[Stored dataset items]
------------------------------------------------------------------------
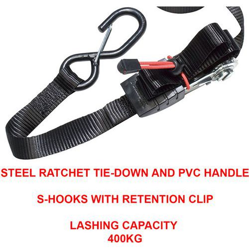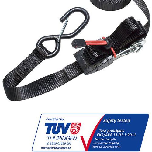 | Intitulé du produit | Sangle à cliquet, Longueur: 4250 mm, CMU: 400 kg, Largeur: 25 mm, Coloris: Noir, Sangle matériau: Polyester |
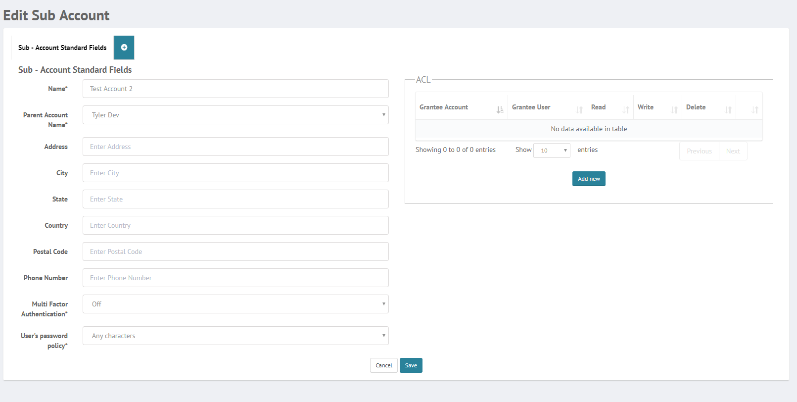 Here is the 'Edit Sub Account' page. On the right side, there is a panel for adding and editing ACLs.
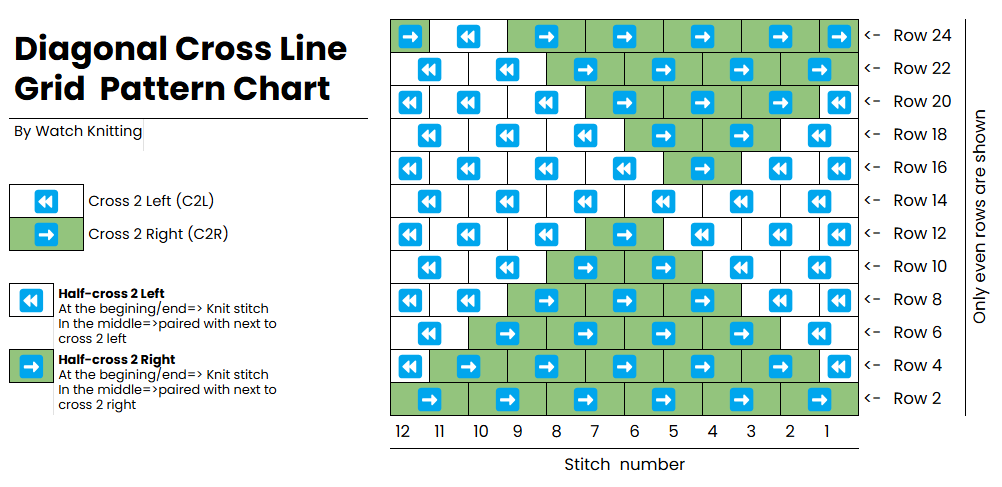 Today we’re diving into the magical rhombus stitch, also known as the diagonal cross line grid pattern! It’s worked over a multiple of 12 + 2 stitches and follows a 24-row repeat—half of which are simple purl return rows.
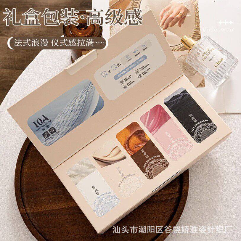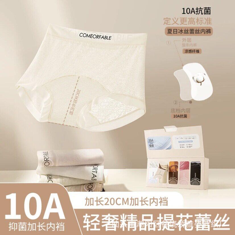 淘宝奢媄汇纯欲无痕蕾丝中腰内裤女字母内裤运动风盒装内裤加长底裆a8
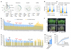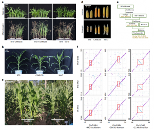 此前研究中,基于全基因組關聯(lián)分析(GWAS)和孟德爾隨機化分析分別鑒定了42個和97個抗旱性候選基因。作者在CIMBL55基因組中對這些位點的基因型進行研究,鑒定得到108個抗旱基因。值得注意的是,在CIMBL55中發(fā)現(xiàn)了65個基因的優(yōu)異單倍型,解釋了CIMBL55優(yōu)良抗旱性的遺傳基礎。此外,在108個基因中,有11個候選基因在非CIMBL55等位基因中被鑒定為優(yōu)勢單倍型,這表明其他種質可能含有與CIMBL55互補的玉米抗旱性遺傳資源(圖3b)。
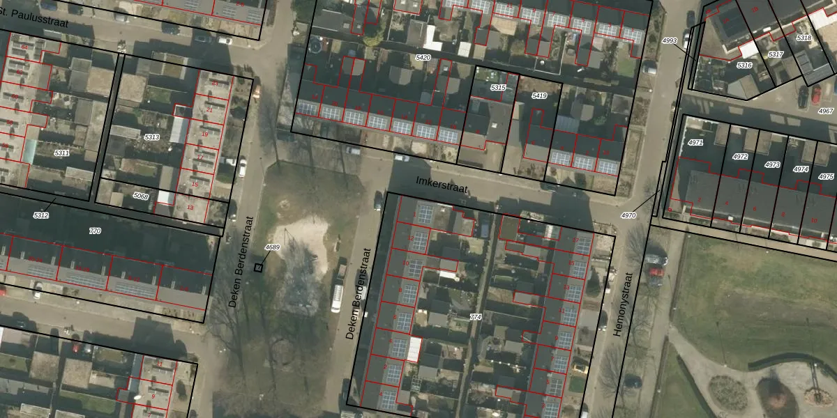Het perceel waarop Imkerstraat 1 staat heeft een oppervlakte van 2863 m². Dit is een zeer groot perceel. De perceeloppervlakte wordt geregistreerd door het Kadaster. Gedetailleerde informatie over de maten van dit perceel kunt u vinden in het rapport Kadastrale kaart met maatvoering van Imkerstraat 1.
------------------------------------------------------------------------
ABOUT THIS EXERCISE :: Exact repetition of all the records is required, with the pictures excluded.

RESULT OF THE EXERCISE ::
 | Intitulé du produit | Sangle à cliquet, Longueur: 4250 mm, CMU: 400 kg, Largeur: 25 mm, Coloris: Noir, Sangle matériau: Polyester |
 Here is the 'Edit Sub Account' page. On the right side, there is a panel for adding and editing ACLs.
 Today we’re diving into the magical rhombus stitch, also known as the diagonal cross line grid pattern! It’s worked over a multiple of 12 + 2 stitches and follows a 24-row repeat—half of which are simple purl return rows.
 淘宝奢媄汇纯欲无痕蕾丝中腰内裤女字母内裤运动风盒装内裤加长底裆a8
 此前研究中,基于全基因組關聯(lián)分析(GWAS)和孟德爾隨機化分析分別鑒定了42個和97個抗旱性候選基因。作者在CIMBL55基因組中對這些位點的基因型進行研究,鑒定得到108個抗旱基因。值得注意的是,在CIMBL55中發(fā)現(xiàn)了65個基因的優(yōu)異單倍型,解釋了CIMBL55優(yōu)良抗旱性的遺傳基礎。此外,在108個基因中,有11個候選基因在非CIMBL55等位基因中被鑒定為優(yōu)勢單倍型,這表明其他種質可能含有與CIMBL55互補的玉米抗旱性遺傳資源(圖3b)。
Het perceel waarop Imkerstraat 1 staat heeft een oppervlakte van 2863 m². Dit is een zeer groot perceel. De perceeloppervlakte wordt geregistreerd door het Kadaster. Gedetailleerde informatie over de maten van dit perceel kunt u vinden in het rapport Kadastrale kaart met maatvoering van Imkerstraat 1.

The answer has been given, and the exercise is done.